Task prompt
Stop at the line containing "Virtual Reality Games": repeat exactly every line of the entries below from the first up to it, plus that line, with pictures omitted.

Material provided
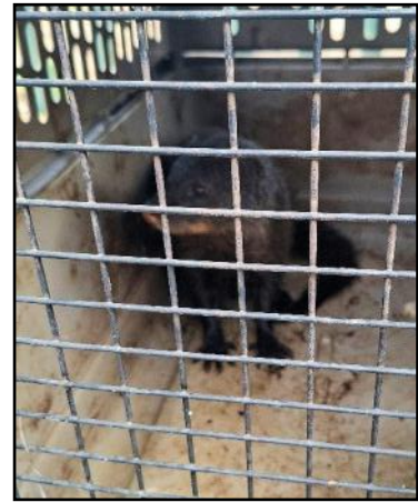
Our new water mongoose
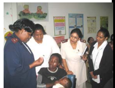
Information was shared before Vitamin A drops were given
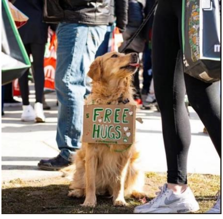
(Welcome back to campus after taking a break from the heartbroken moment)
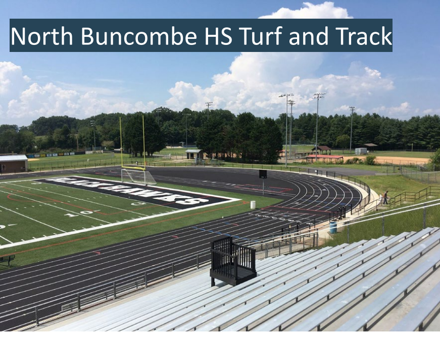
North Buncombe HS Turf and Track
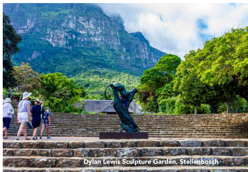
Dylan Lewis Sculpture Garden, Stellenbosch

The afternoon is yours to explore Stellenbosch at your leisure. Wander through its quaint streets, lined with oak trees and Cape Dutch architecture, or visit the Village Museum , where four historic houses showcase the town's architectural development through different eras. Gather at one of Stellenbosch's lively restaurants for a memorable dinner this evening. B,L,D
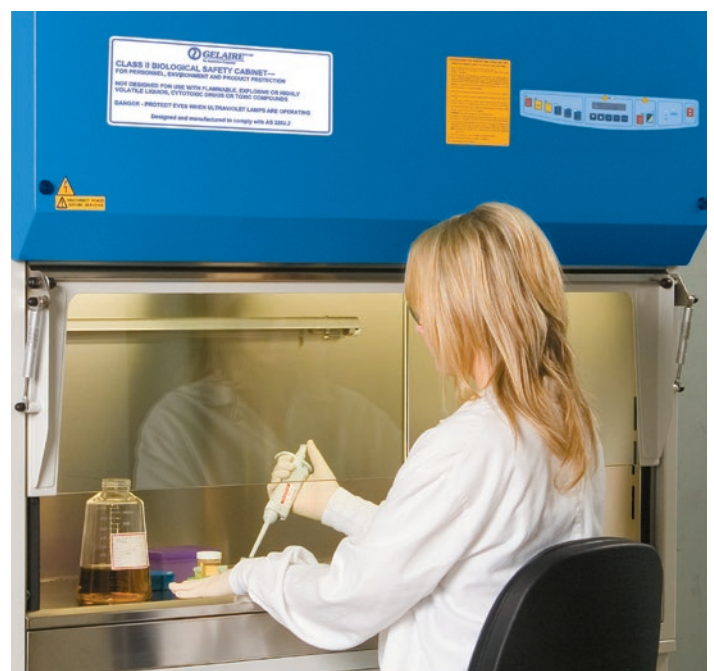
BH-EN2004 hinged window cabinet

ECS® control and energy management the new ECS® (Eco Control System) microprocessor employs the latest technology for integrated management of airflows and filtration. Self-regulation of airflows compensates for gradual loading of filters, while restoring power balance. Combining AC fans and certified low pressure-drop filters, the ECS® system optimises power consumption, thereby reducing CO 2 emissions into the environment.
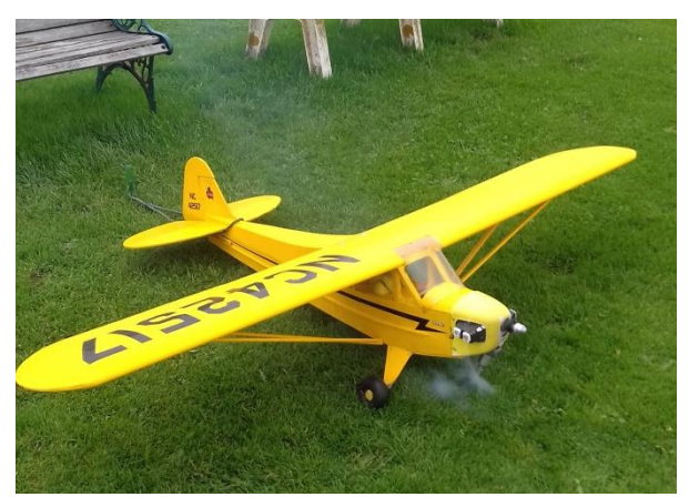
My Great Planes Piper Cub has a 75 Inch wingspan and has an OS 70 FS engine
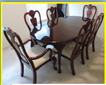
Nice Table & Chairs
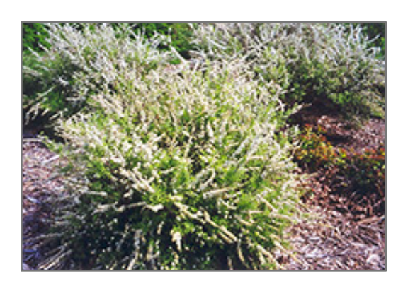
Dwarf Garland Spirea in bloom

A compact ball-shaped shrub featuring gracefully arching branches smothered in striking snow-white flowers in spring, keeps tidy the rest of the year, low maintenance; beautiful in a small garden or shrub border; full sun and well-drained soil
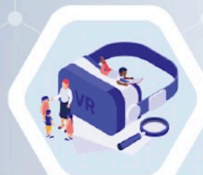
Virtual Reality Games

Free shuttle bus services from and to University Station (Departure time at University Station: 1030 – 1530 hours)
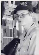
I thought the next take is right at home.
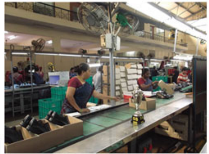
Exposure visit of Iranian delegates to Chennai Leather Cluster
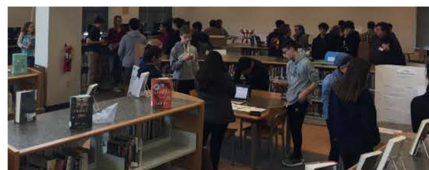
World War II PBL presentations take over the library
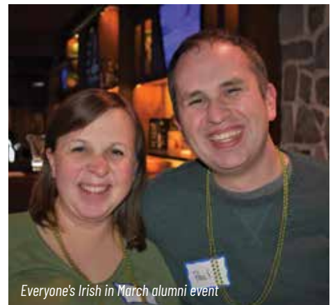
Everyone's Irish in March alumni event
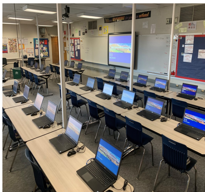
Upgraded technology in New Oxford High School

To ensure that high school students are prepared for the business world they must have hands-on experience with state-of-the-art technology. One of the two New Oxford HS Business Department computer labs was updated with PC based computers, thanks to a grant from the Trust. These are used in daily instruction for Accounting I and II, the Personal Finance courses, and the Introduction to Software For Business course offered through HACC. Students use the laptops in operation of the school store, gaining practical experience in promotions, commercials, creating and managing the store website, managing the inventory and maintaining accounting records.
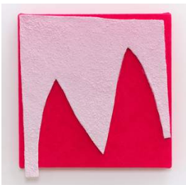
16. Kim Fisher Fang , 2023 Oil, masonry stucco on dyed linen 14.5 x 14 inches
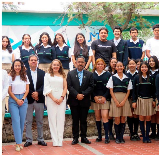
Graduation of young individuals from the Financial and Banking Services program in Aguascalientes, Mexico, 2023.

Today, skills-based hiring is a standard policy among ABM member banks, and the consortium Bécalos-ABM-IYF-developed curriculum is part of the technical upper secondary curriculum in three Mexican states. This initiative has already empowered 2,200 young individuals to participate in the approximately 45,000 entry-level positions that the industry requires each year, with a direct connection to banking institutions, on-site visits, learning sessions with bank personnel, and direct recruitment efforts. The potential impact on the Mexican banking sector and its workforce is immense, bridging the gap between education and employment, opening doors for countless new graduates, and transforming the industry's recruitment practices.
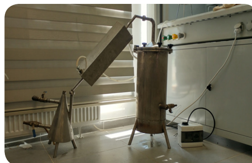
Fig. 2. The distillation apparatus was designed by Ayhan AKPEK for boiling fruit pulps (pictured by Mehmet Ali DEMİRÇİ at Çankırı Karatekin University).
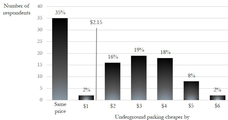
Figure 3: Willingness to pay extra for on-street parking

The convenience of on-street parking in accessing shops and restaurants around the area of interest is a significant determinant of parking behavior (Kobus et al., 2013). Another dimension of interest is the ease of exiting the parking facilities within the convenience factor, especially following larger crowd events—concerts, sports events etc. This accessibility factor is an important consideration for travelers in parking choice. The last question of the survey asked the respondents at what price difference would they use the underground parking as the first choice (Q11). Figure 3 illustrates the responses.
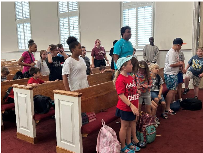
Kids gathering for Morning Watch
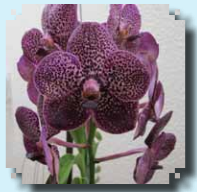
RED RIBBON Ascda. Kulvadee Mary Lee Tabeling

As a reminder, all plants brought in for the show table should be free of pests and diseases. Take some time to stake and clean the leaves of your plants, this allows for better presentation. Also, please do not bring newly-purchased plants for the show table. The show table is an outlet for members to share the great job they have done in growing and flowering their orchids; therefore, please respect the unwritten rule of owning and growing an orchid for a minimum of 6 months.
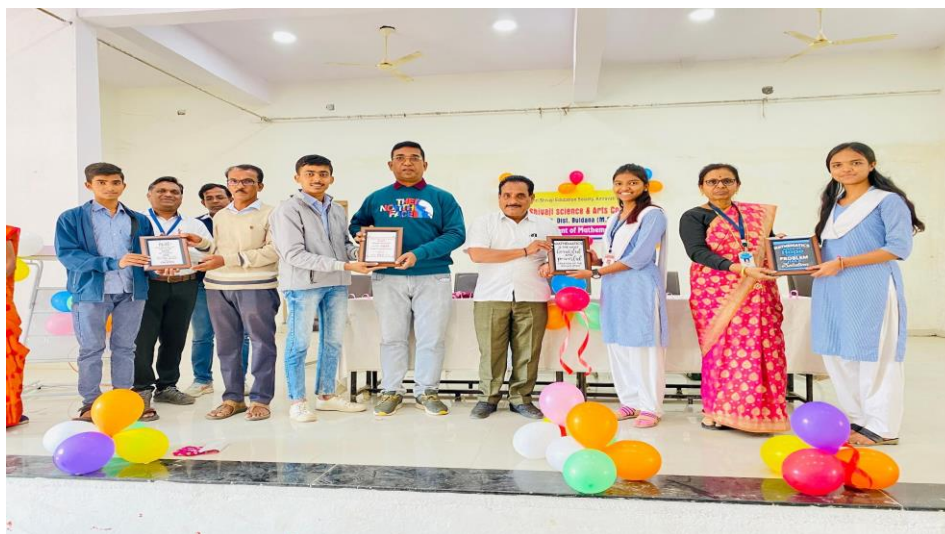
The Participant students in the Competitions were given Prizes

Task output
Our new water mongoose
Information was shared before Vitamin A drops were given
(Welcome back to campus after taking a break from the heartbroken moment)
North Buncombe HS Turf and Track
Dylan Lewis Sculpture Garden, Stellenbosch

The afternoon is yours to explore Stellenbosch at your leisure. Wander through its quaint streets, lined with oak trees and Cape Dutch architecture, or visit the Village Museum , where four historic houses showcase the town's architectural development through different eras. Gather at one of Stellenbosch's lively restaurants for a memorable dinner this evening. B,L,D
BH-EN2004 hinged window cabinet

ECS® control and energy management the new ECS® (Eco Control System) microprocessor employs the latest technology for integrated management of airflows and filtration. Self-regulation of airflows compensates for gradual loading of filters, while restoring power balance. Combining AC fans and certified low pressure-drop filters, the ECS® system optimises power consumption, thereby reducing CO 2 emissions into the environment.
My Great Planes Piper Cub has a 75 Inch wingspan and has an OS 70 FS engine
Nice Table & Chairs
Dwarf Garland Spirea in bloom

A compact ball-shaped shrub featuring gracefully arching branches smothered in striking snow-white flowers in spring, keeps tidy the rest of the year, low maintenance; beautiful in a small garden or shrub border; full sun and well-drained soil
Virtual Reality Games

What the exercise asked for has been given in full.